What this task involves> Return only the lines running from the top of the entries to the line with "Для редактирования информации", inclusive, exactly as written.

Information provided>
- - -

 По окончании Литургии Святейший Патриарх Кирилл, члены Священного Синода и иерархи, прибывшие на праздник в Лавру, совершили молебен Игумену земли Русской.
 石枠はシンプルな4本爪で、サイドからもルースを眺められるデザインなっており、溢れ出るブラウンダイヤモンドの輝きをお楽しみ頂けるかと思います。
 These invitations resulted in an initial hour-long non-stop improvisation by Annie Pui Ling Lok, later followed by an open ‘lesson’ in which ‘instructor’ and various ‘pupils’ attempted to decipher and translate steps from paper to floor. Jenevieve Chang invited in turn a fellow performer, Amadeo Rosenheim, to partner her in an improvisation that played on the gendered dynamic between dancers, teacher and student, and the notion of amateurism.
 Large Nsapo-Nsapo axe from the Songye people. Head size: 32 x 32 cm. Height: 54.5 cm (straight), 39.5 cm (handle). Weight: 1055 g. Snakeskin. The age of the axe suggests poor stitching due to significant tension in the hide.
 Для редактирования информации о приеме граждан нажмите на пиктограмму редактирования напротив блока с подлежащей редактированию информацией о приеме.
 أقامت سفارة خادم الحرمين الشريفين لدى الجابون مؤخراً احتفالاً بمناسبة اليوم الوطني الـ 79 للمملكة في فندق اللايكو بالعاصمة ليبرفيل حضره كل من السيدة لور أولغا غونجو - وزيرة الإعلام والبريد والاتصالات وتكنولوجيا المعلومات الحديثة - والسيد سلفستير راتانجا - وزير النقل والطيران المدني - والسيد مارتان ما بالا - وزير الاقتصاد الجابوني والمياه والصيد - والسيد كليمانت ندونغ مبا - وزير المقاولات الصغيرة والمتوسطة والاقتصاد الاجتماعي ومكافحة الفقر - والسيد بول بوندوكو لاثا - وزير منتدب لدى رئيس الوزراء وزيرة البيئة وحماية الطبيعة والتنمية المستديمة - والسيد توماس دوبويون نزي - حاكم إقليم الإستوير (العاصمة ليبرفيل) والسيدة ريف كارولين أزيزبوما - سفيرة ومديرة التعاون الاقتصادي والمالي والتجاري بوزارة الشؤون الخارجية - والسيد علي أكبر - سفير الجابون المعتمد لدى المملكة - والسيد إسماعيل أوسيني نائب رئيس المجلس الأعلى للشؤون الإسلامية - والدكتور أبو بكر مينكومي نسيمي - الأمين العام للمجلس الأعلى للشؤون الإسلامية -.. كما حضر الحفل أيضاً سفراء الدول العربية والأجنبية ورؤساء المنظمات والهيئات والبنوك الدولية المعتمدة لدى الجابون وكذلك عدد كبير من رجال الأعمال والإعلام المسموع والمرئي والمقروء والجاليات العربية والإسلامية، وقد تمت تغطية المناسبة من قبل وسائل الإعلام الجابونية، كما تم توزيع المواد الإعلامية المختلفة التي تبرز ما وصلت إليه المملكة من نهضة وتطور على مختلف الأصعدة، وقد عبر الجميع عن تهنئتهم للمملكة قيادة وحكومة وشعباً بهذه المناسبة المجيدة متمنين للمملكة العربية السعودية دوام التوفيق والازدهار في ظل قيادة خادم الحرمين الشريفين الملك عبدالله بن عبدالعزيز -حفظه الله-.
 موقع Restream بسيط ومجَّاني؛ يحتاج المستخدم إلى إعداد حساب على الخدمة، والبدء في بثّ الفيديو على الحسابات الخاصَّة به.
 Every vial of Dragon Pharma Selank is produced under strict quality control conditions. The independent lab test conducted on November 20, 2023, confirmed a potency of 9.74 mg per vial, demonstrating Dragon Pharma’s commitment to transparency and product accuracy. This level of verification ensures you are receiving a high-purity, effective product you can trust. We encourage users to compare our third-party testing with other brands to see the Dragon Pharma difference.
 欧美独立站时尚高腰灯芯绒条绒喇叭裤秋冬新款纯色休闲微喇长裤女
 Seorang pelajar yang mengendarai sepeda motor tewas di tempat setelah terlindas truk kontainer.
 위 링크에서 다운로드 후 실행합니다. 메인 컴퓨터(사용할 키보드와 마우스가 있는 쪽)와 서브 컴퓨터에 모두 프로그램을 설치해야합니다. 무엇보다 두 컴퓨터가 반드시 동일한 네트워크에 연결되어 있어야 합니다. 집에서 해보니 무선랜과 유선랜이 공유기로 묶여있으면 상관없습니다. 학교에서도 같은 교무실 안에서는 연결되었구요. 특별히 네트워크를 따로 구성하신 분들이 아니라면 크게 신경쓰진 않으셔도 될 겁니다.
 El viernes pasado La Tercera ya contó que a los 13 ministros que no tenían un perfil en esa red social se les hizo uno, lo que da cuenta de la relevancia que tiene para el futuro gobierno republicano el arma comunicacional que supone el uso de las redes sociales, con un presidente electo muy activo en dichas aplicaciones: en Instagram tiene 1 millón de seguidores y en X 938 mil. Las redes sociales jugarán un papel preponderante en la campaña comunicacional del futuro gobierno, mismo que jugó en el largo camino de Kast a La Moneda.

- - -

Exercise answer>
 По окончании Литургии Святейший Патриарх Кирилл, члены Священного Синода и иерархи, прибывшие на праздник в Лавру, совершили молебен Игумену земли Русской.
 石枠はシンプルな4本爪で、サイドからもルースを眺められるデザインなっており、溢れ出るブラウンダイヤモンドの輝きをお楽しみ頂けるかと思います。
 These invitations resulted in an initial hour-long non-stop improvisation by Annie Pui Ling Lok, later followed by an open ‘lesson’ in which ‘instructor’ and various ‘pupils’ attempted to decipher and translate steps from paper to floor. Jenevieve Chang invited in turn a fellow performer, Amadeo Rosenheim, to partner her in an improvisation that played on the gendered dynamic between dancers, teacher and student, and the notion of amateurism.
 Large Nsapo-Nsapo axe from the Songye people. Head size: 32 x 32 cm. Height: 54.5 cm (straight), 39.5 cm (handle). Weight: 1055 g. Snakeskin. The age of the axe suggests poor stitching due to significant tension in the hide.
 Для редактирования информации о приеме граждан нажмите на пиктограмму редактирования напротив блока с подлежащей редактированию информацией о приеме.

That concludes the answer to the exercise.